Hi Joel, just for fun … I will respond to the TV program
<<notwithstanding the issue of valuation.... >>
Any one trying to make a case for “this time it is different” will necessarily have to side step the valuation issue. I simply have not seen the issue side stepped so directly.
<<growth in efficiency producing products has shifted to internal uses vs. the more visible and now decimated rapid growth vis a vis an internet linked presence....>>
Muckedy muck and mush. The efficiency, and the concomitant increase in absolute amount of money and in the velocity of money are shaking our very complicated but piece-meal designed interlocking systems. For example, the efficiency of trading based on comparative advantages of nations is driving huge capital flows, across currency denominations, causing damages we have not had time to imagine yet. Thailand and all the little guys took a dusting. Now it will be the big guys turn. The trading system, had it been properly designed, would have necessitated a single global currency, and in time, a single standard of living.

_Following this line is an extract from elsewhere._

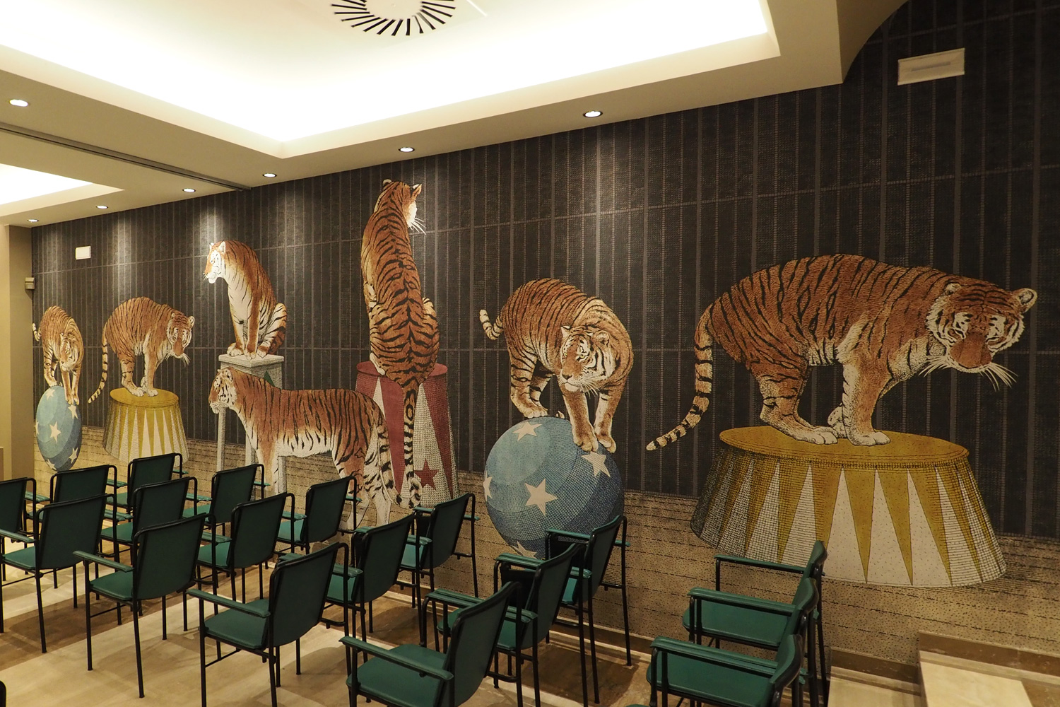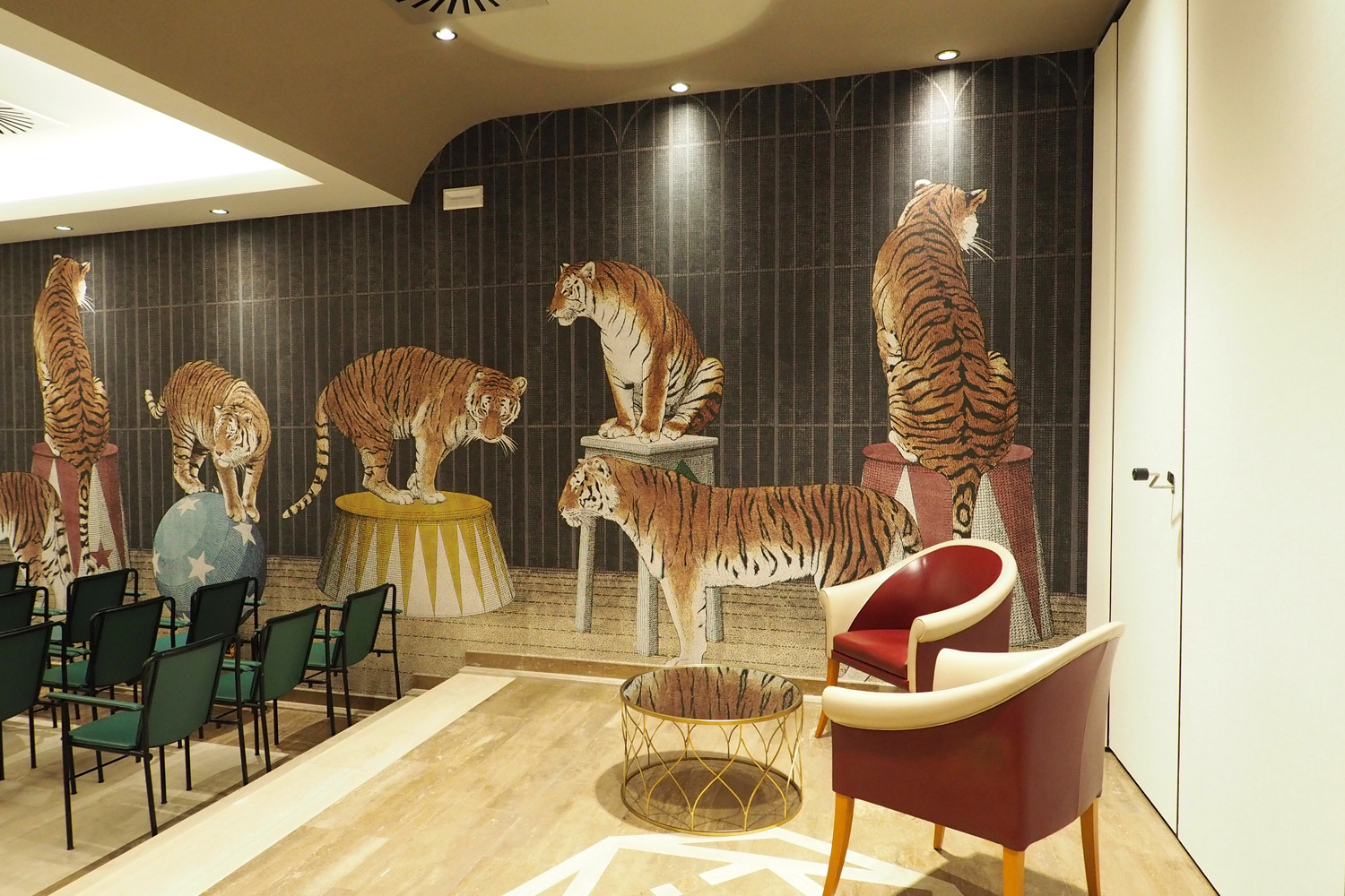 La sala meeting Le Tigri è uno spazio accogliente e creativo che può ospitare un contenuto numero di persone. L’inserimento di una decorazione muraria con le tigri trasmette forza e vigore, ma anche giocosità, come in un Circo.

<<the reaction to current conditions is compressed...hence... in some cases, devaluation of business models et al, which should, in the case, normally take place in a 9 month or 12 month time period, have already taken place in a much more rapid fashion...i.e. instant adjustment, instant reaction...and of course made possible by effieciency infrastructure already in place during the previous build out... >>
Yup, instant adjustment so far has simply meant instant destruction … a company’s whole life cycle happening in one glorious business cycle.
<<resource use is shifting...where headline stories may show massive dislocation in, say, technology, allocation is now going to heretofore starving sectors that did not enjoy the same attention as those in the spotlight during the dot bomb revolution....and this includes human resources...so that the net current effect is far more stable than headlines might suggest.... >>
Wealth is being destroyed at every step. The liquidity bubble has always moved, since the Roman times, between territories, between asset classes. Having one foot in boiling hot water and one in polar ice cold water is also dislocating to life, but on average, the temperature is OK.
<<caution in regard to consumer spending... is allayed in part not by divestment of equity holdings but through re-financing of home equity ... from which the net surplus offsets the need to sell other assets...and also offsets extreme consumer pullbacks in as much as avg wealth in the USA is not in the stock market but is in home equity.... >>
And so instead of having no savings to fall back on when unemployed, the poor heroic consumer will stand to lose his home as well. This last attempt at a consumer led soft landing is not a solution, but the cause of new problems. Financial laws, like natural laws, are immutable, impersonal, and savaging. In most countries, folks do not buy cars on credit. In many countries, folks cannot spend their house. In America, the many smart people have figured out a way to do both, on ever more spectacular scale. Efficiency, in the form of an engine, must be married to a strong vehicle system, designed specifically for that efficient engine. Are all the sub-systems to spec in America, and are all the I/O interfaces to the world of the high throughput variety?
<<that over all, thus far, income vs. spending has still never been better and is the bottom line for the core confidence of the working country.... >>
Day turns to night in minutes, especially during winter. Business cycles have existed for all of recorded history, and so are we the lucky generation to witness the cycle’s demise? No need to hang around outside until the sunset. Go home right now.
<<much dot com finance came from surplus capital options created, hence a zero sum game...transfer from one account into another in a close system... >>
Following this new economic theory of how no wealth is ever lost, let’s do it all over again. I actually want to agree with the above thought … transfer the wealth to me, let me not waste it on a Philip Patek Star 2000 pocket watch with Perpetual Star field, moon phase, sun rise/set and 20+ other functions by transferring the wealth to the Swiss watch makers … US$ 7 mm for the platinum edition.
<<thus.. the long view... does not yet consider places where there are still over capacities that are not yet reduced to acceptable levels...but certainly can anticipate those places...and does consider where capital will have a sustainable return in places where the above outlined resources have shifted.... >>
Yes, and so what does this have to do with specific stocks to buy? Which one?
<<and last....taking out all money losing members of the nasdaq (i've seen this in three places besides tonite's program)...nasdaq avg p/e moves from the 120's to 35...not including however the issue of declining earnings against unadjusted current valuations.... >>
For companies making no free cash flow on sustainable basis, the valuation should be pretty easy to calculate, and it is not 35 x accounting earnings. Try 10 x. <<so.... does the theory of certain bottoms in sight make sense to you...and in time, to be followed by other sets of lagging bottoms... fundamentals only...and not including emotional and/or other irrational forces beyond this outline.... >>
I hope everyone in the world believes this pitch, drive the Nasdaq to 5000 again. It would be like my parents saying “Pam is coming over for homework with you. We will be back at 10:30 after the movie.”